COLLECTED MATERIAL
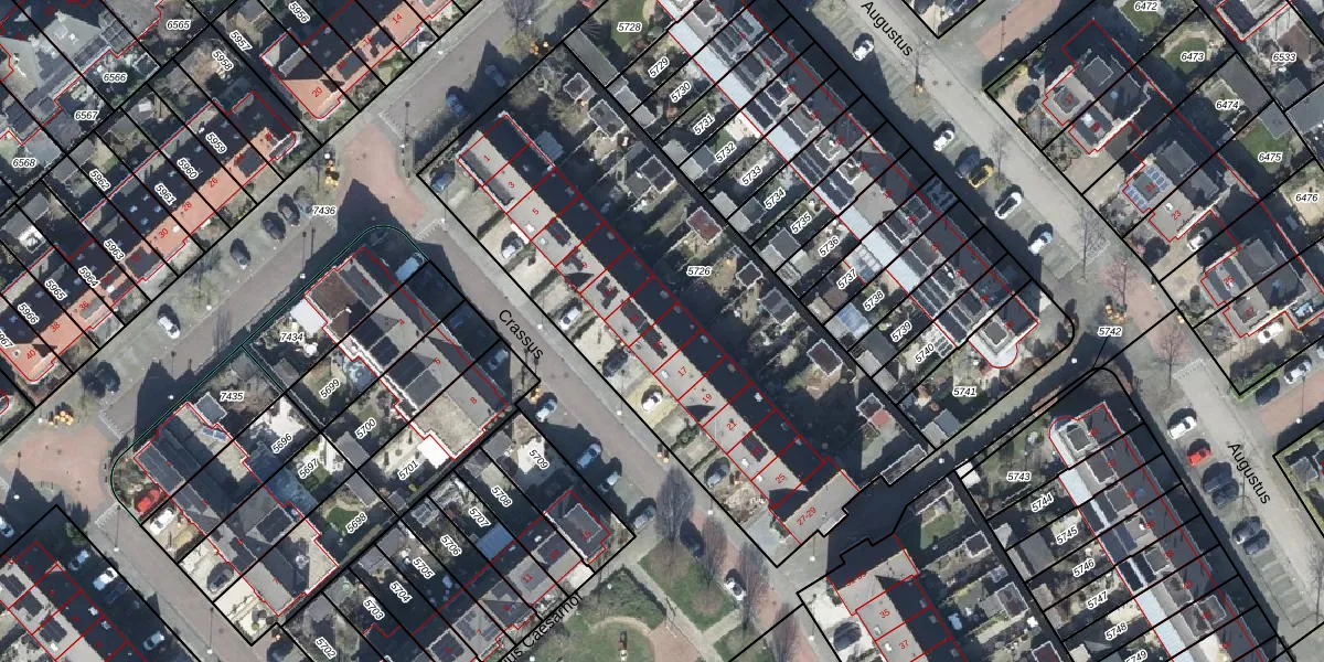 Het perceel waarop Crassus 15 staat heeft een oppervlakte van 2428 m². Dit is een zeer groot perceel. De perceeloppervlakte wordt geregistreerd door het Kadaster. Gedetailleerde informatie over de maten van dit perceel kunt u vinden in het rapport Kadastrale kaart met maatvoering van Crassus 15.
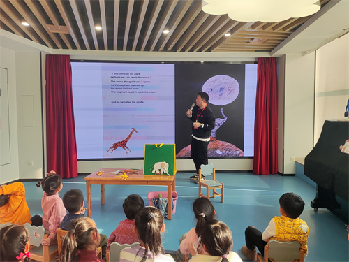 在绘本分享环节,老师以生动的讲述和形象的肢体语言,将故事娓娓道来,孩子们听得津津有味,仿佛置身于那个奇妙的夜晚,与小动物们一同品尝月亮的味道。活动尾声,大家兴奋地走上舞台,与老师合影留念,共同记录下这温馨而美好的时刻。
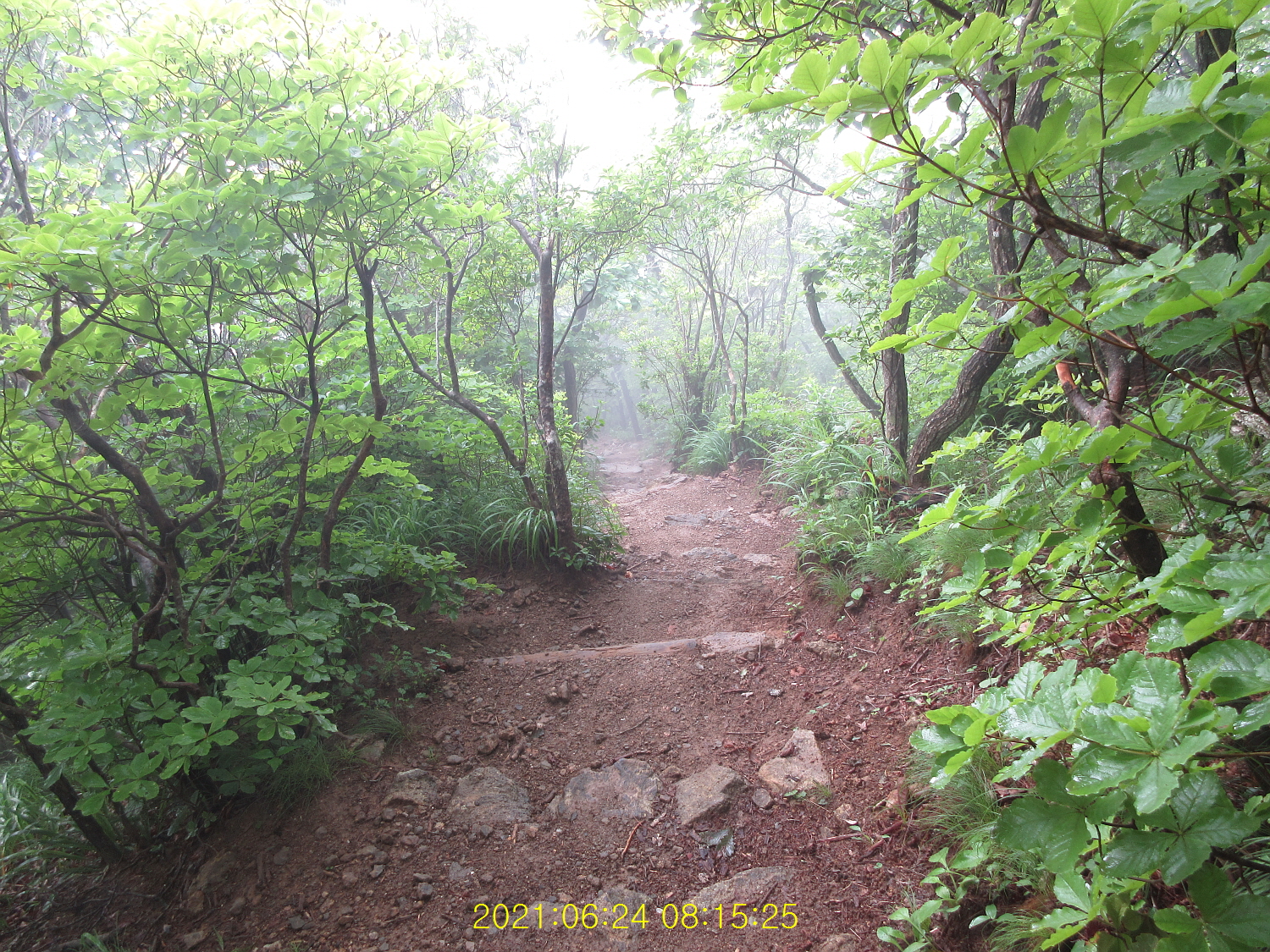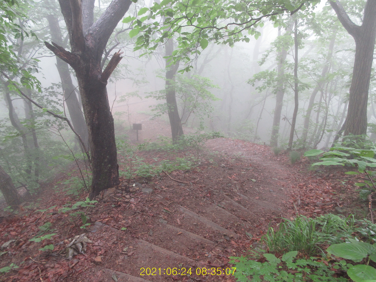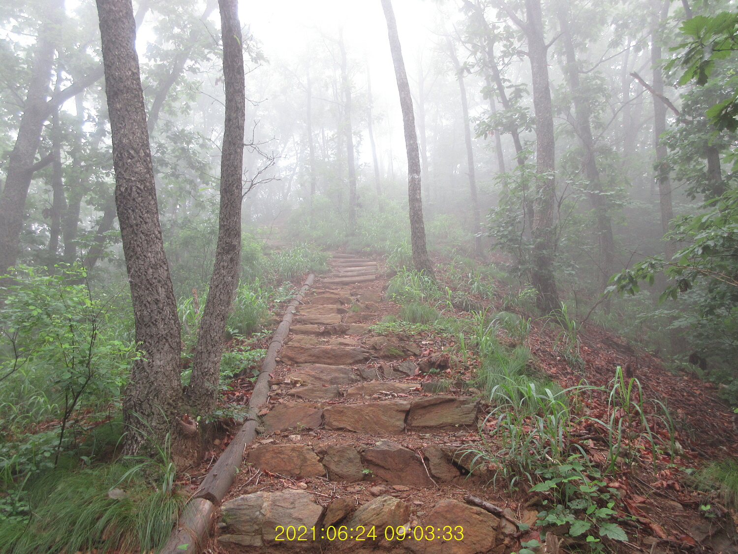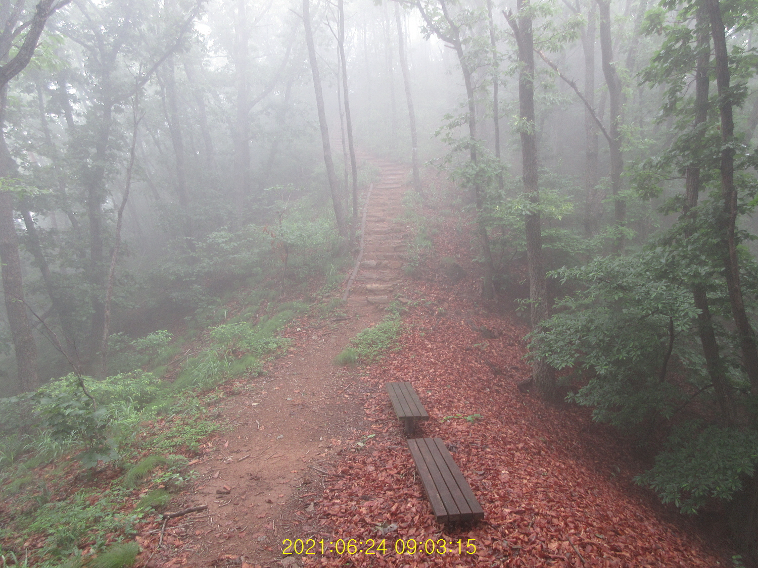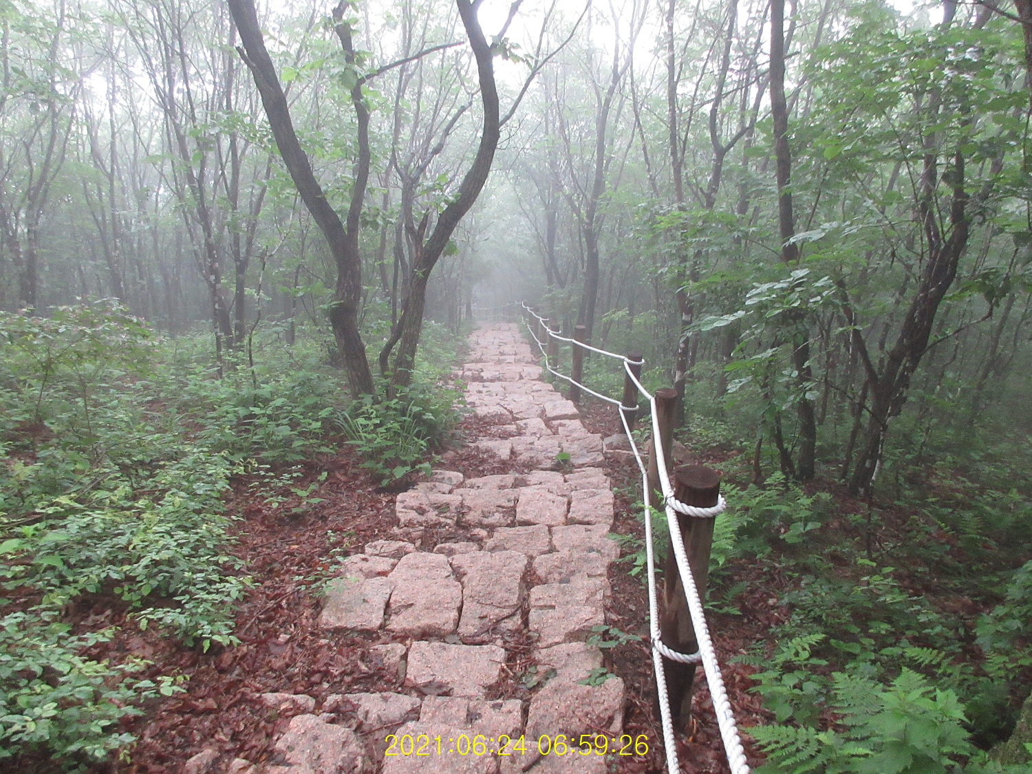 ▲ 멀리 안개속에 가성산이 기다리고있다.

WORK INSTRUCTION
Print only the lines from the line that contains "在绘本分享环节,老师以生动的" to the final line of the data, inclusive. Pictures stay out.

EXERCISE RESULT
 在绘本分享环节,老师以生动的讲述和形象的肢体语言,将故事娓娓道来,孩子们听得津津有味,仿佛置身于那个奇妙的夜晚,与小动物们一同品尝月亮的味道。活动尾声,大家兴奋地走上舞台,与老师合影留念,共同记录下这温馨而美好的时刻。
 ▲ 멀리 안개속에 가성산이 기다리고있다.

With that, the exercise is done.